Which museum do you take as an example of what you would like to achieve?

That’s a hard question!  I love all museums!  But I’d say I am impressed with the way the Tate communicates with its audiences. The Uffizi is one of my favorite museums on the planet, and I find it exciting to see how they’ve made themselves feel contemporary on TikTok.  Of course, the most important thing is the strength of the art in the museums, so there are far too many to list here. 

Your reputation is certainly growing. I hear more and more people talking about the Brooklyn Museum and people wanting to work with you. 

I love hearing that.  We are partnering with lots of great museums. In addition to sending out works from our collection to museums great and small all over the world, we are partnering on curating shows with the Getty, the National Gallery in Washington and the Art Institute of Chicago, to name a few. Museum partnerships are extremely important, and you will see more of that.  It’s time to get busy developing closer partnerships with our Italian museum colleagues, for example.

Is the museum close with other local Brooklyn institutions?

We are very intentional about being a good community partner, and that means working with major cultural institutions and educational institutions and even small community partners. In the early days of COVID our neighborhood of central Brooklyn was hit hard. The first thing we did was give all of our gloves and masks to the local hospitals. We supported hospital staff with educational programs. We opened a food pantry. While the Black Lives Matter protests were going on and many Manhattan museums had boarded up, we opened up – at the height of the pandemic – so that the protesters had a place to go to the bathroom, and we handed out water. When all the toy drives got canceled because there was no place to gather, we turned the museum into a giant site for a toy drive. When there were needs for asylum seekers this fall, we did a huge amount of work to collect supplies.

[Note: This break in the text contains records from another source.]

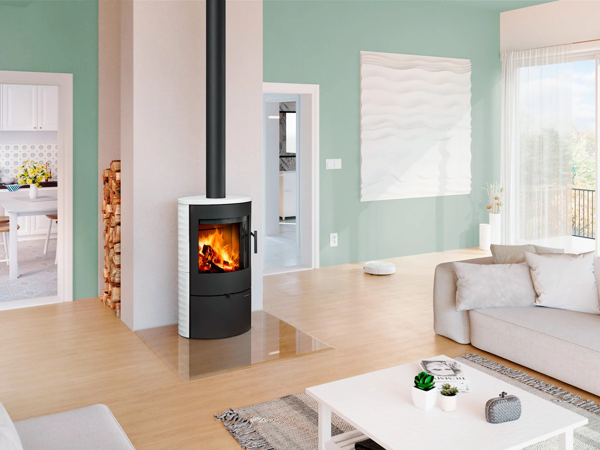 Krbová kamna SONE 10 s keramickým obkladem „vlnka“ jsou ideální volbou pro milovníky detailů. Tradiční keramika zde získává moderní, dynamickou podobu díky jemnému reliéfu vlnobytí. Tato struktura nejen oživuje vzhled kamen, ale také zvětšuje sálavou plochu keramiky, což přispívá k efektivnějšímu předávání tepla do místnosti.
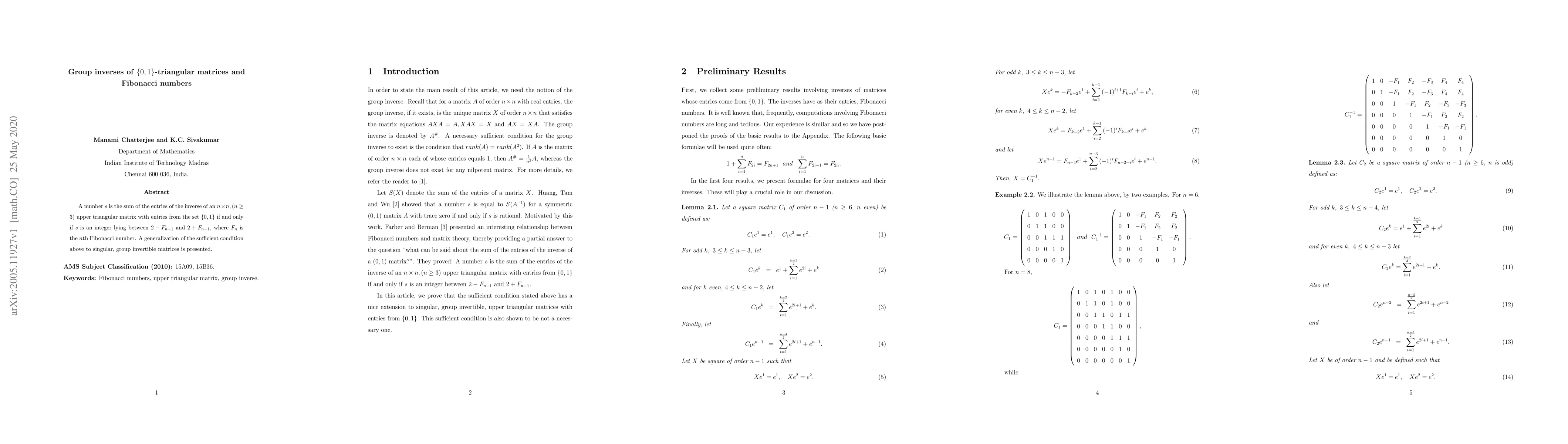 The sum of entries in the inverse of a specific type of matrix is related to Fibonacci numbers, with a range that determines integer sums between $2-F_n$ and $2+F_n$. This relationship holds for both upper triangular and singular, group invertible matrices.
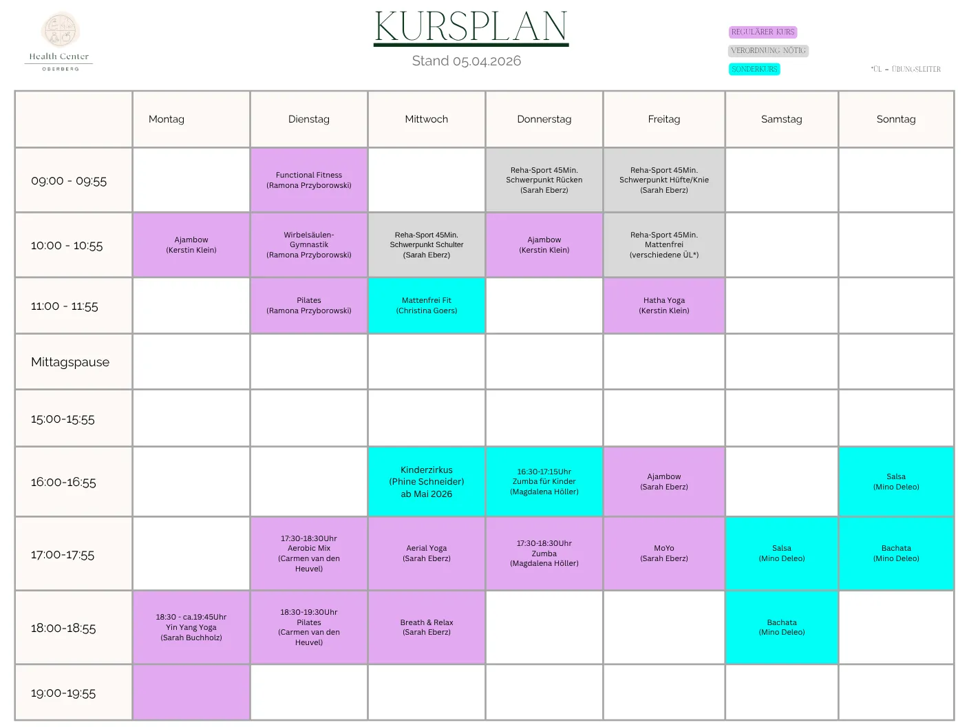 Im Health Center Oberberg bieten wir eine breite Palette an Kursen, die auf die Bedürfnisse und Interessen unserer Teilnehmer zugeschnitten sind.

Anne Pasternak, what do you specifically wish for yourself in all this?

I’m a very mission-oriented person, so when I join an organization, I’m all in.  Realizing the greatest potential of the Brooklyn Museum is my singular focus and purpose. We are working hard to make the Brooklyn Museum one of the most trailblazing and relevant museums on the planet.

Thank you very much for this conversation and for your time. I know you don’t usually do interviews anymore and so it’s been a great privilege. 

Thank you for making it so enjoyable.